*** Block opens ***

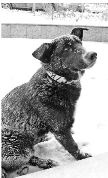
Собака в белом ошейнике стерилизована и здорова - почему бы ее не приютить у себя дома?!

— Одна только стерилизация — не мера. Есть исследования, показавшие, что в городе, где началась поголовная стерилизация собак, а кормовая база скудна, суки начнут приносить приплоды чаще, а количество щенков будет увеличиваться — так сама природа восполняет баланс. Кроме того, стерилизации и кастрации не снимают агрессивности, если собака до операции была злой, кидалась на людей. Операции имеют смысл, если затем собаки будут жить при предприятиях, как те же охранники, а люди станут за ними следить. Стерилизовать и затем выпускать псов в среду обитания — да, гуманно в отношении животных, но опасно для людей. Собака, единожды укусившая человека, особенно ребенка, испытывая власть, второго шанса не имеет, ее необходимо усыплять. А основной упор нужно делать на стерилиза-
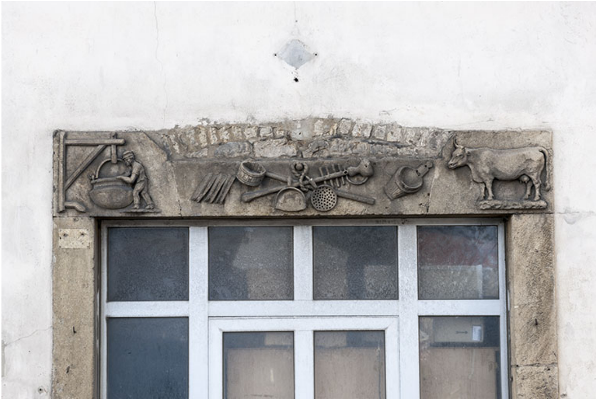
Façade antérieure. Linteau figuré.
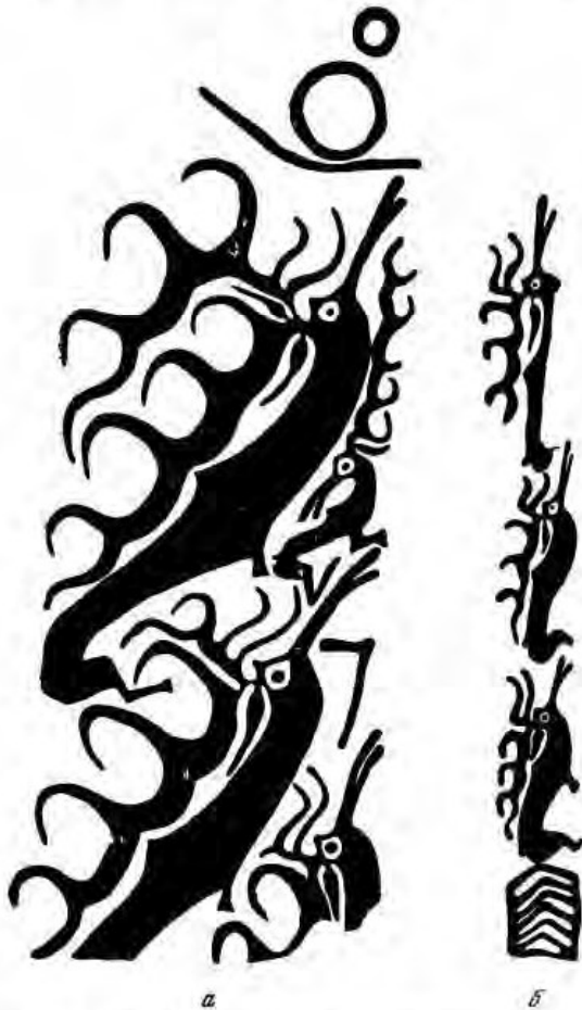
Рис. 3. Изображения на Иволгинском камне.

На противоположной широкой плоскости плиты (рис. 3) в той же технике и манере изображены две боль-
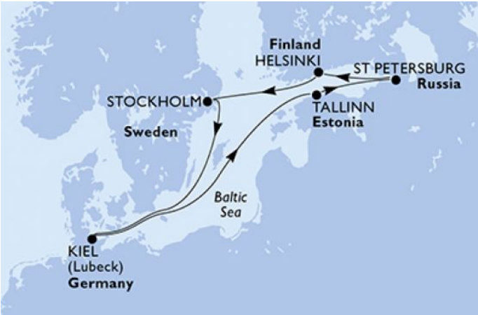
Картата е само за обща ориентация. Координатите са приблизителни и не целят да покажат точната локация на кораба.

*** Block closes ***

Task details:
Only the lines from the one containing "Façade antérieure. Linteau figuré." through the end of the data above are to be output, exactly and without pictures.

Written solution:
Façade antérieure. Linteau figuré.
Рис. 3. Изображения на Иволгинском камне.

На противоположной широкой плоскости плиты (рис. 3) в той же технике и манере изображены две боль-
Картата е само за обща ориентация. Координатите са приблизителни и не целят да покажат точната локация на кораба.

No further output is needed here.